I don't think there is anything we can eat or drink that is safe for us anymore. Unless we raise our own animals, and grow our own food, we don't have a chance to survive without disease and pain. And that is exactly what the monsters of globalism want. What a sick world we live in. What sick people there are that think they can run rough shod over us and kill us! If our world doesn't change for the better soon, life will not be worth living. We've got to get it done!
Self-organised healthy food:
1. 1000-2000sqm small market gardens, run by competent professionals, each serving 10-40 people depending on climate, location, productivity, soil quality etc.
2. Networks of regenerative farms, utterly rejecting supermarkets, government 'vaccinations' etc etc, using marketing hubs to sell healthy meat, eggs and dairy products to local populations.
3. A requirement for all restaurants to state which supplies, if any, contain GMO food, vaccinated animals or are factory-produced 'lab meat'. I wouldn't want to dine in any restaurant that used any of those.

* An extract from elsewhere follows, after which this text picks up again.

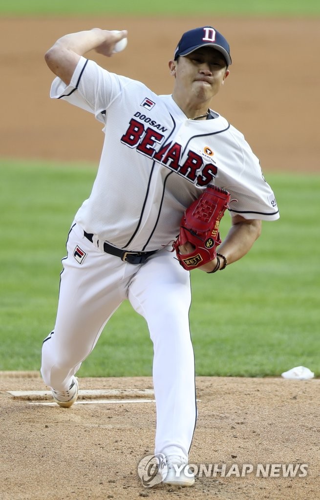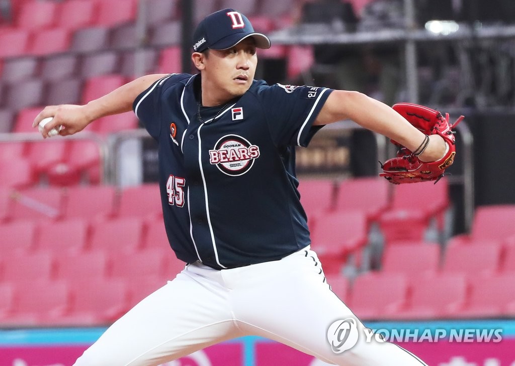 ▲ In this file photo from May 28, 2020, Lee Yong-chan, then of the Doosan Bears, pitches against the SK Wyverns in the top of the first inning of a Korea Baseball Organization regular season game at Jamsil Baseball Stadium in Seoul. (Yonhap)

4. Avoiding using supermarkets at all costs for fresh food produce.
5. Identifying and frequenting retail outlets that have tinned/dried produce produced ethically (notably tinned fruit, beans/peas of many kinds, tomatoes; tinned coconut milk; pulses and pasta).
6. Direct purchase of healthy oil products from producers/ethical importers (we can't obviously make olive oil in the UK).
There needs to be an entirely parallel economy that utterly rejects all central government mandates and returns to the wisdoms passed down for centuries concerning animal husbandry, soil health, crop production, seed production and land management.